Sí; muchos guías te dirán que la lluvia es el mejor momento para venir. La lluvia intensa activa cientos de cascadas efímeras que se desvanecen pocas horas después de que el cielo se despeja, y la nube baja que envuelve los acantilados le da al fiordo su carácter más atmosférico. Un día azul y luminoso es hermoso, pero comparativamente silencioso en los acantilados. Lleva impermeables completos y déjate llevar.

¿Cuál es la diferencia entre Milford Sound y Doubtful Sound?

Ambos son fiordos tallados por glaciares, a pesar del nombre inglés «sound», que significa ensenada. Milford es más corto, más espectacular y mucho más fácil de alcanzar por carretera, lo que lo hace más concurrido. Doubtful es más grande, más largo y se llega a él solo mediante un cruce de lago y un paso de montaña, así que recibe una fracción de los visitantes y ofrece una soledad más honda. Muchos viajeros con tiempo para ambos encuentran que Doubtful es el más conmovedor.

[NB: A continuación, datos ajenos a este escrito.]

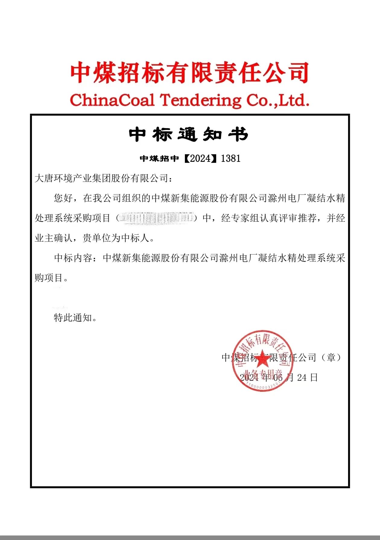 本網(wǎng)訊?近日,水務(wù)公司成功中標(biāo)中煤滁州電廠凝結(jié)水精處理項(xiàng)目。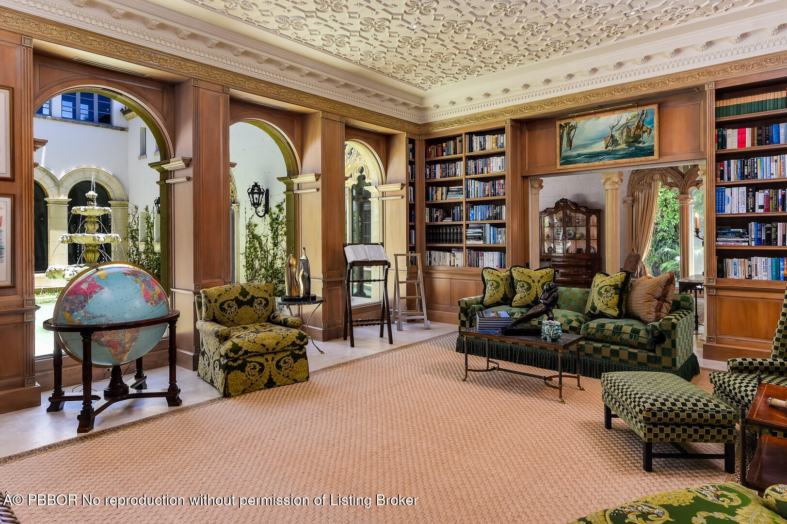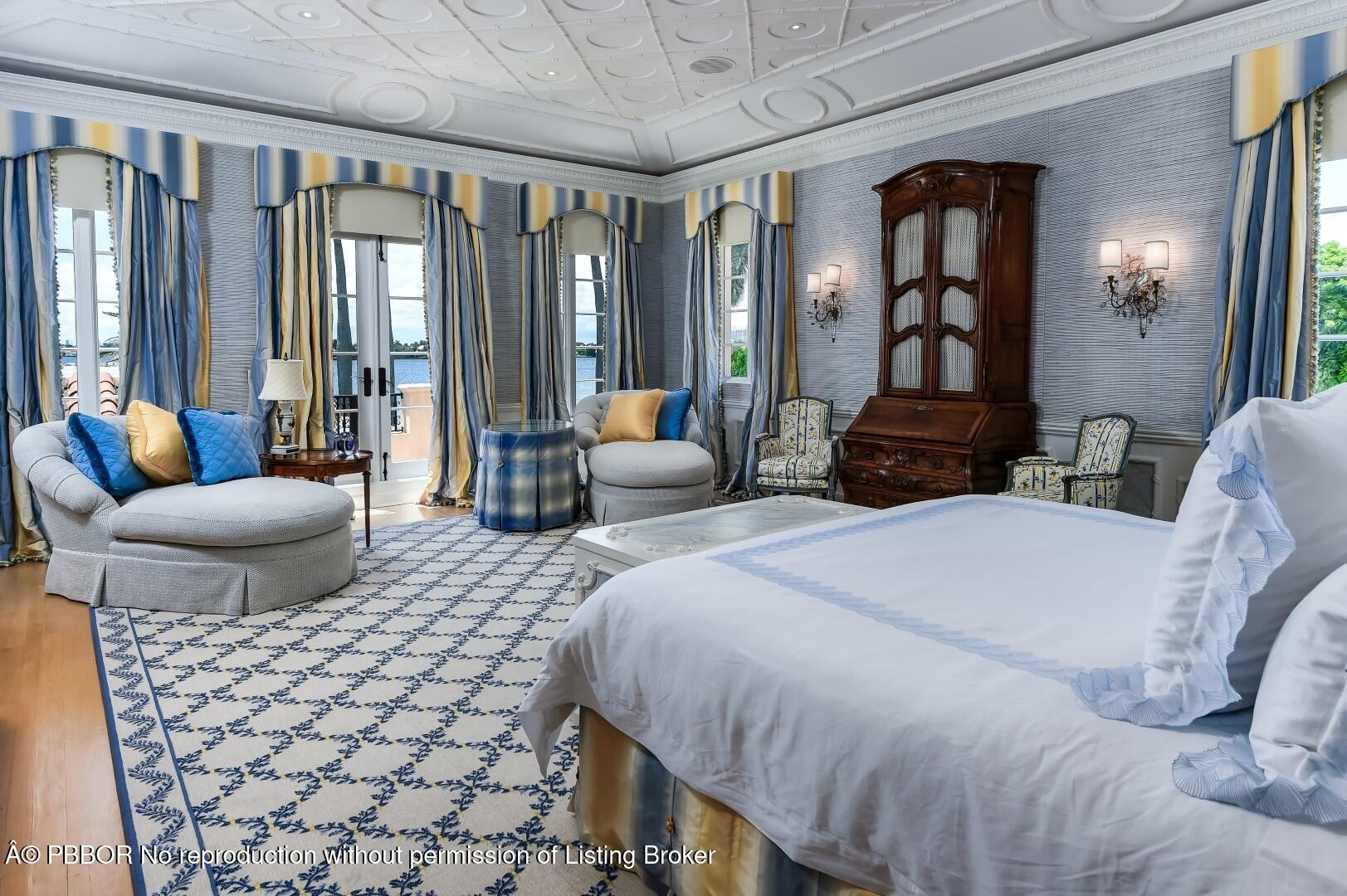 Spectacular Maurice Fatio designed Mediterranean Estate on the Intracoastal with gorgeous architectural detailing. With 17,000+/- total sq. ft. and 7BR/9.4BA, this stunning estate is perfect for entertaining. Elegant foyer with wrought iron spiral staircase leads to oversized reception room with 20+ ft. ceilings. Elaborate columned dining room seating 30, features beautiful fireplace and stunning coffered ceiling. Highlights include 60 ft. +/- formal living room, soaring ceilings, striking plaster moldings, gorgeous library, gym, and breakfast room with built-in grill. Formal loggia frames romantic sunsets overlooking the water. Gated entryway opens to beautiful carriage house, welcoming motorcourt, and 4 car garage. Meticulously manicured grounds features pool, beautiful fountains, dock, and 145 ft. +/- of direct Intracoastal frontage. Fantastic location in Palm Beach's renowned Estate Section, less than a mile to Worth Avenue's shops and restaurants.

¿Debo preocuparme por las jejenes en Fiordland?

Las jejenes son un rasgo real de Fiordland, sobre todo cerca del agua y con clima cálido y en calma. Son una molestia más que un peligro, pero son persistentes. El repelente de insectos, las mangas largas y los tobillos cubiertos marcan una diferencia notable, y resultan mucho menos problemáticas sobre el agua que en tierra.